Detailed Description
Embodiments and effects of the present invention are described in further detail below with reference to the accompanying drawings.
Referring to fig. 1, the implementation steps for this example are as follows.
And step 1, obtaining road surface images and point cloud data.
Under driving scene, the detection of various targets by the automobile needs to acquire images and point cloud data of the road surface through a sensor, and the acquisition of the information can acquire RGB image F by adopting a camera 1 Obtaining a point cloud R by adopting a laser radar 1 (x, y, z, r). In this embodiment, the actual scenario is simulated with the internationally published KITTI data set as inputThe data is acquired by the sensor. The KITTI data set is one of the most authoritative computer vision evaluation data sets internationally, and comprises real images and point cloud data acquired by scenes such as urban areas, villages, highways and the like.
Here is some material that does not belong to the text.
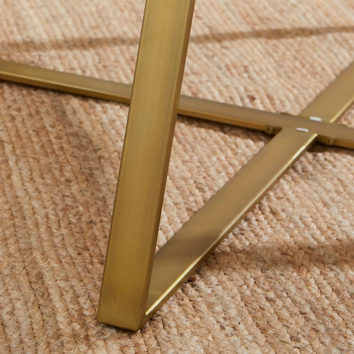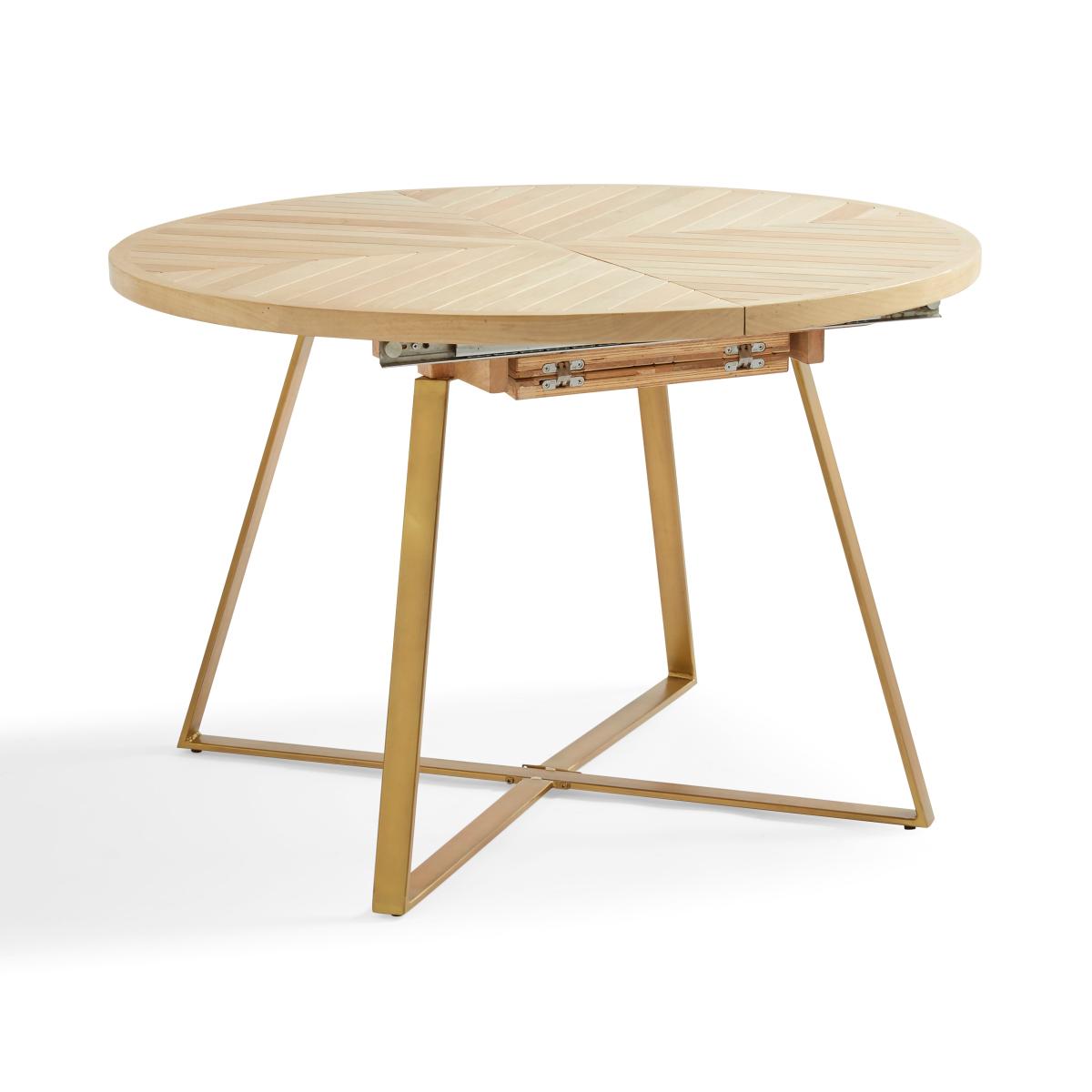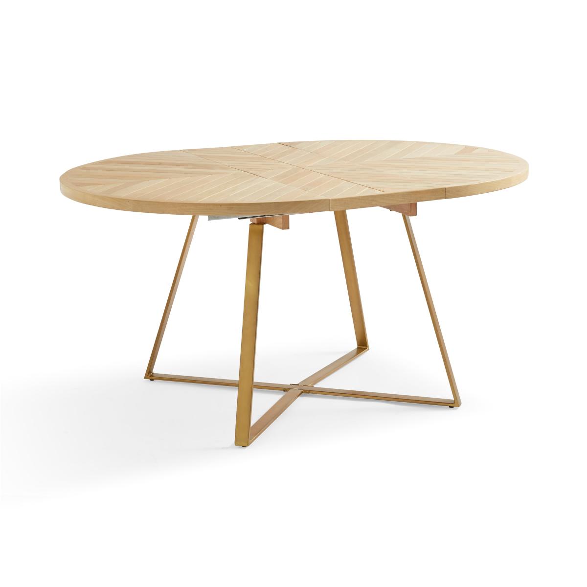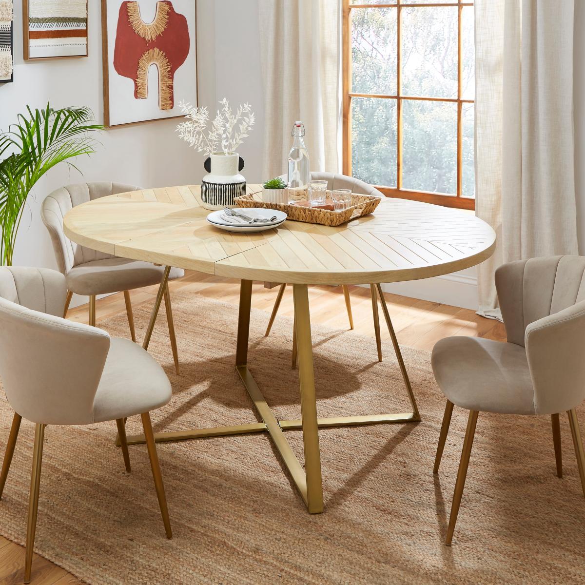 This table features a beautiful parquet top that not only adds a touch of timeless elegance but also extends from 120cm to 160cm to accommodate your varying dining needs. The exquisite gold-effect detailing enhances its charm, making it a stunning centrepiece for any dining room.

And step 2, voxelized preprocessing is carried out on the point cloud data.
Point cloud R 1 About 2 tens of thousands of data are contained, including a large number of noise points and redundancy points. In order to reduce the system computing load, a point cloud R is needed first 1 The (x, y, z, r) is subjected to voxelization pretreatment to obtain an original pseudo image P capable of expressing important information of the point cloud, and the method is concretely realized as follows:
2.1 In z direction, from z=0m to z=4m, dividing the point cloud space into four equal-height spaces, respectively, height space S 1 (z 1 =[0,1)m),S 2 (z 2 =[1,2)m),S 3 (z 3 =[2,3)m),S 4 (z 4 =[3,4]m);
2.2 In the x-y direction), the point cloud in each height space is divided into regular column-shaped sub-point clouds with the bottom dimension of 0.16mx0.16m, in this embodiment, the height space S 1 、S 2 、S 3 、S 4 Are each divided into 496×432 regular cylindrical sub-point clouds;
2.3 Setting a sampling threshold D, randomly sampling columnar sub-point clouds with the number of points larger than the threshold, and zero-filling columnar sub-point clouds with the number of points smaller than the threshold, wherein in the embodiment, d=32, if the number of points in 496×432 regular columnar sub-point clouds in each height space is larger than 32, randomly sampling 32 points; if less than 32, the missing dots are complemented with 0;
2.4 Calculating an arithmetic mean (x) of all points within each columnar sub-point cloud c ,y c ,z c ) And offset (x) p ,y p ) Obtaining enhanced point cloud (x, y, z, r, x) c ,y c ,z c ,x p ,y p );
2.5 Enhanced point cloud (x, y, z, r, x) using a maximally pooled and simplified PointNet network pair c ,y c ,z c ,x p ,y p ) Encoding to generateSub-pseudo-image p corresponding to each height space i The method comprises the steps of carrying out a first treatment on the surface of the In the present embodiment, the height space S 1 、S 2 、S 3 、S 4 The corresponding sub-pseudo images are p 1 、p 2 、p 3 、p 4 . Each sub-pseudo-image has a size of 496 x 432.
2.6 Using four fully connected layers to obtain a height dimension weight and a channel dimension weight:
2.6.1 Using a first fully-connected layer W 1 Compressing sub-pseudo-image p i Is recycled by the second full connection layer W 2 Extracting its height dimension weight S i
S i =W 2 δ(W 1 p i )
Wherein δ () represents an activation function;
2.6.2 Using a third full-connection layer W 3 Compressing sub-pseudo-image p i Re-use of the fourth full connection layer W 4 Extracting its channel dimension weight T i
T i =W 4 δ(W 3 p i )
Wherein δ () represents an activation function;
2.7 Four sub-pseudo-images p) i Height dimension weight S corresponding to the same i And channel dimension weight T i Multiplication is followed by stitching and maximum pooling operations in the channel dimension to obtain the final original pseudo-image P.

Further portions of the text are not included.